Он вышел в общий коридор, где немедленно зажегся отвратительный бледный галогенный свет, поднялся на первый этаж. Он слушал потолок уже месяц, этот ребенок (девочка, - он почему-то был уверен, что девочка) жил у него в голове: видимо, толстенькая, лет пяти, с густыми каштановыми кудрями до пояса, в красном платьице, босиком, бегает там, очень быстро бегает, живет… живет одна? (Какой-то смутный кухонный стол, бутылки… вода в бутылках.) С парализованным взрослым? С парализованным взрослым, чьи просьбы она спешит исполнять бегом (запах болезни)? Он хотел наконец… ну непонятно, чего хотел, - просто увидеть, черт, какая-то дурацкая загадка.
Он ткнул пальцем в звонок, очень коротко, и тут же за дверью раздался бойкий босоногий топор, дверь распахнулась, - он смотрел вниз, на маленького, едва доходящего ему до пояса человека с неловким тельцем и неестественно большой головой: щеголеватый спортивный костюмчик, почти докуренная сигарета. Он сумел сказать, что зашел за солью, вот простудился, и идти в магазин… Он не успел договорить: маленький человек очень быстро побежал по коридору, ухватился крошечной лапкой за вешалку для пальто, дал инерции пронести себя по строго рассчитанной дуге и крикнул в кухню: "Лапка! Сосед за солью!" Тут же из кухни вылетела головастая, коротко стриженная женщина ростом чуть повыше мужа. Она дробно простучала пятками по паркету, перевела дух и, улыбаясь, протянула соль в граненой стеклянной банке с выпуклым речным пейзажем, - он всегда дивился, видя такую соль в супермаркете, не мог представить себе, кто ее покупает, если она буквально в пятьдесят раз дороже нормальной.

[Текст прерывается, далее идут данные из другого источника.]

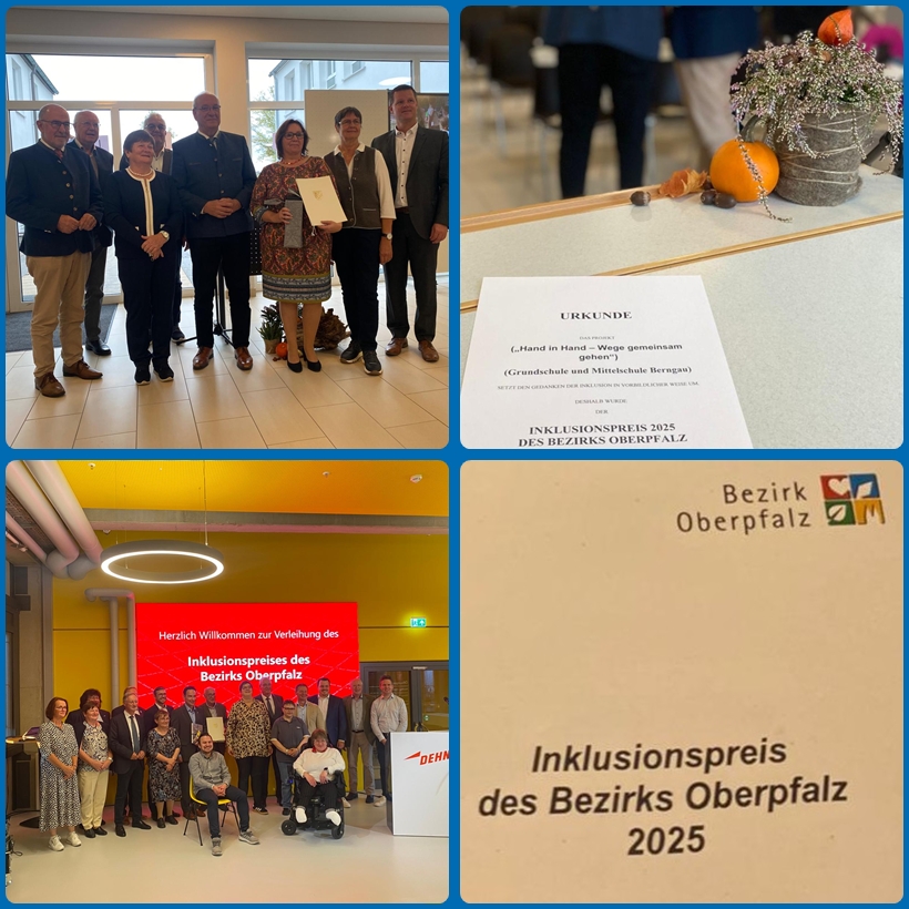 Die Grund- und Mittelschule Berngau bekam den Preis für ihr Schul-Konzept „Hand-in-Hand“ verliehen. Im Rahmen einer Kooperation, welche inzwischen seit zehn Jahren besteht, arbeitet die Schule eng und erfolgreich mit Klassen der Lebenshilfe Neumarkt e.V. zusammen. Kinder, die in der Lebenshilfe betreut werden und die beiden Klassen G1 und M1 besuchen, werden in zwei Außenklassen an der Grund- und Mittelschule Berngau unterrichtet. Die Kooperation geht über gemeinsame Unterrichtseinheiten hinaus, so dass auch Feiern, Feste und andere Veranstaltungen gemeinsam veranstaltet oder besucht werden. Das Preisgeld soll für weitere Spielgeräte auf dem Pausenhof eingesetzt werden, welche gemeinsam ausgesucht werden sollen.
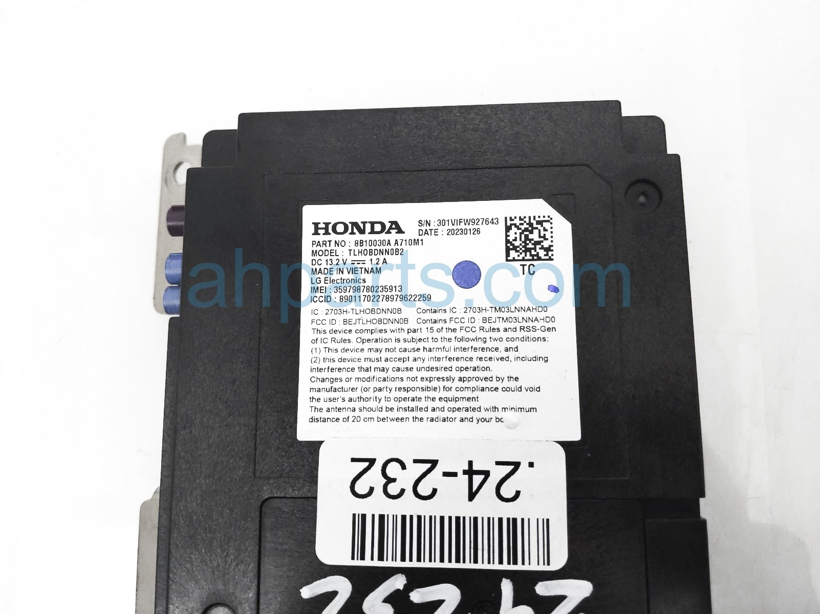 2023 Honda Accord telematics module unit - lx 1.5t is a used item with a 1 year warranty. This OEM replacement telematics module unit - lx 1.5t is genuine and has part numbers 8B100-30A-A74, and 8B10030AA74. This Honda part sells for $100.
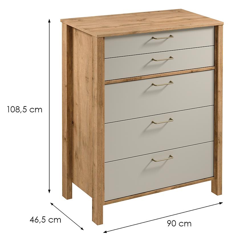 Wykonana z wysokiej jakości płyty wiórowej laminowanej, komoda charakteryzuje się trwałością oraz odpornością na uszkodzenia. Jasne drewnopodobne wybarwienie korpusu w odcieniu dębu wotan w połączeniu z matowym wykończeniem frontów w kolorze beżowym nadaje całości elegancki i stylowy wygląd. Taki zestaw kolorystyczny sprawia, że mebel harmonijnie wpisuje się w różnorodne aranżacje, dodając im subtelnego ciepła i przytulności.
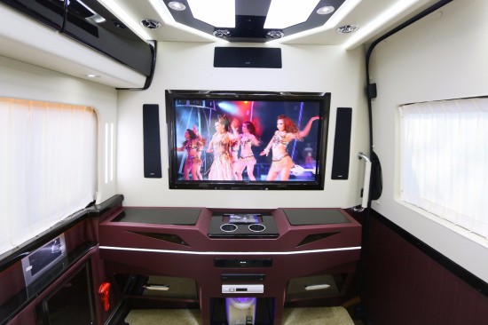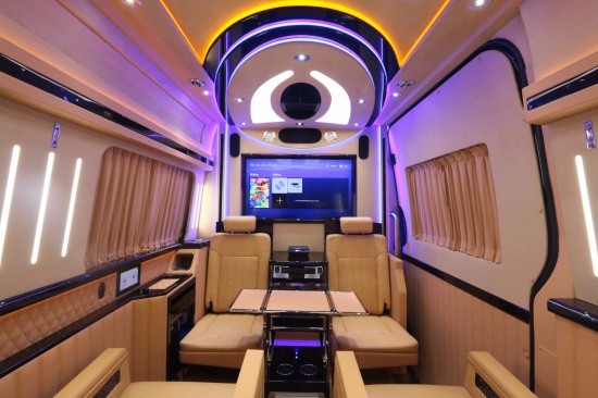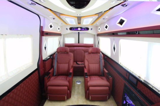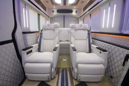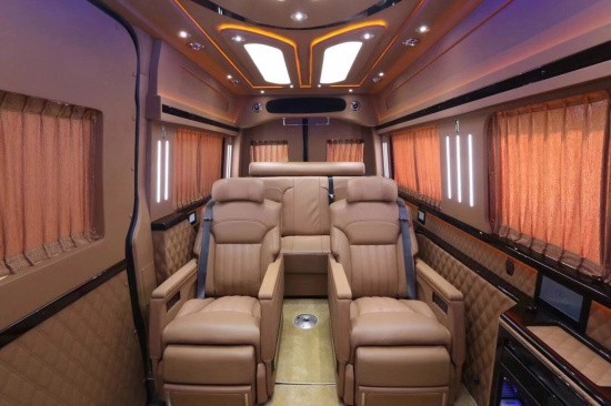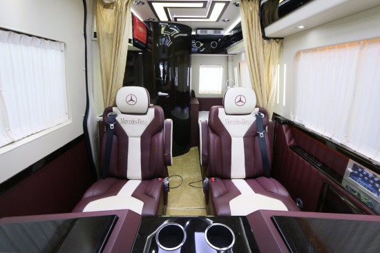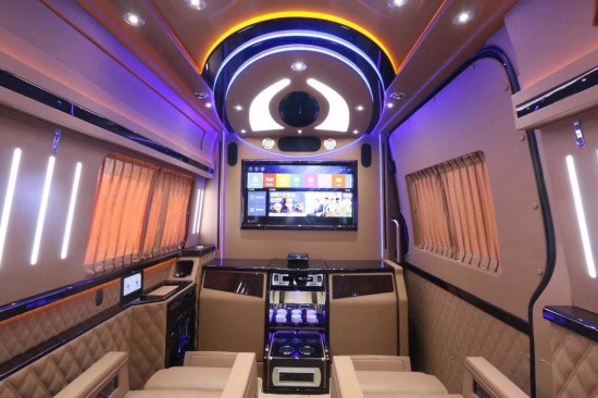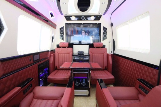 斯宾特Sprinter仪表盘及门饰板真皮包覆,前舱纯手工羊毛地毯及脚垫,全车NAPPA真皮航空座椅(带旋转),全车柚木地板及脚踏板,BOSE5.1家庭影院系统,星空式车顶,纯实木气撑小桌板,不锈钢挂衣杆真皮包覆,车载专用大容量冷藏箱,电动升降32寸液晶电视一台,电动遥控窗帘等,各种豪华配置集于一身

Он пробормотал, что спасибо и все такое, и как дурак пошел с солью вниз, к себе. Там, в своей норе, он подставил ладонь, наклонил солонку, и меленькая-меленькая соль вдруг побежала из-под серебристой крышки торопливым ручейком. От неожиданности он отдернул руку, судорожно стряхнул соль на пол, потом тщательно вытер ладонь о штаны, а потом зачем-то взял и несколько раз топнул по рассыпавшейся соли ногой, стараясь повыше поднимать колено, как если бы имел дело с муравьем или с юрким, сухо хрустящим под подошвою тараканом.